Collin’s hard work started to pay off and at the end of the season he moved with his coach to a fourth division team, Empshorn. His big breakthrough came when they played Hamburg’s second team and after a great performance, in which he scored a goal and made another in a 2 all draw, he was approached by Hamburg’s assistant coach.

“After the match their assistant coach gave me his card and asked me to call him. I was so excited but I managed to keep a straight face and after a day I called him. He took me around Hamburg’s stadium with state of the art facilities and asked if I wanted to join them, so I signed up with Hamburg. I was earning 3 000 Mark per month and my head was in the stars, ” he said.

Collin soon started training with the first team players and after impressing the coach he was signed up to the first team, receiving a vastly improved salary.
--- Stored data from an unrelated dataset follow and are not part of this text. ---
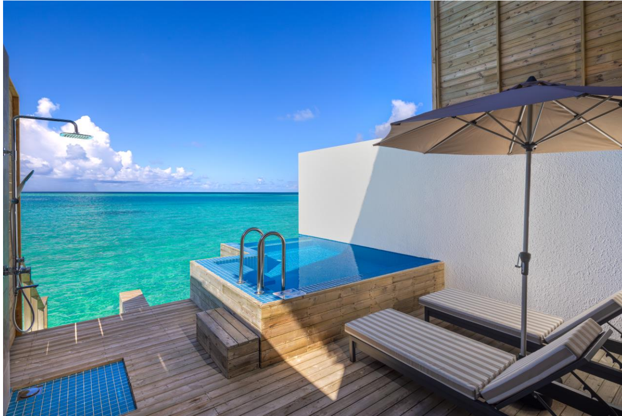
Duplex Overwater Villa with Private Pool (119m 2 )
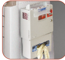
Sharps/Glove Holder Anesthesia - Isolation - Procedure
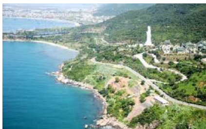
Son Tra Peninsula
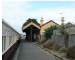
QUEENSCLIFF RAILWAY STATION SOHE 2008

“I was a shy guy and normally I just kept to myself because I didn’t want to be noticed, but on the field I was a fighter. My weight increased to 75kg, I became strong and after a while my coach said he was happy with the way I had adjusted. He said they wanted to keep me there and offered me 15 000 per month I couldn’t believe it, I tried to remain cool but inside I was jumping for joy and when I got home I called my mom, saying ‘I’m rich, I’m rich, I’ve made it.’ ”
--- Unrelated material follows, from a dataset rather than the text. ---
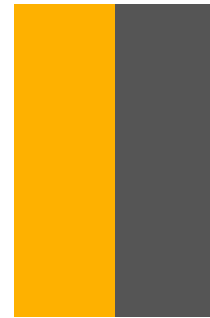
Half Page vertical W 5.083" x L 14"
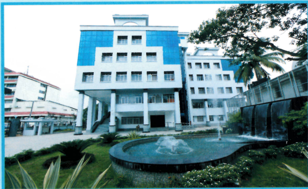
Front view - New Court Building

Collin however realised that it was just the beginning and he had to work extra hard to stay at the top.

“That was just the beginning. It’s tough to reach the top, but to stay there and go further, thats the challenge. Just two years back I was still washing dishes at my first club, but now if I wanted to live like a lion, I had to work harder and be stronger, ” he said.

Benjamin said the analogy of the lion and the springbok was a big motivational factor in his life.

“Every morning when I wake up I ask myself if I want to live like a lion or a springbok. Both wake up and both have to eat the lion wants to eat the springbok, so the springbok has to run and can only stop when the lion is tired. Am I going to have to run like the springbok or am I going to wait for the right moment to attack. I always asked myself why am I doing this, and that’s where my mental strength comes from, ” he said.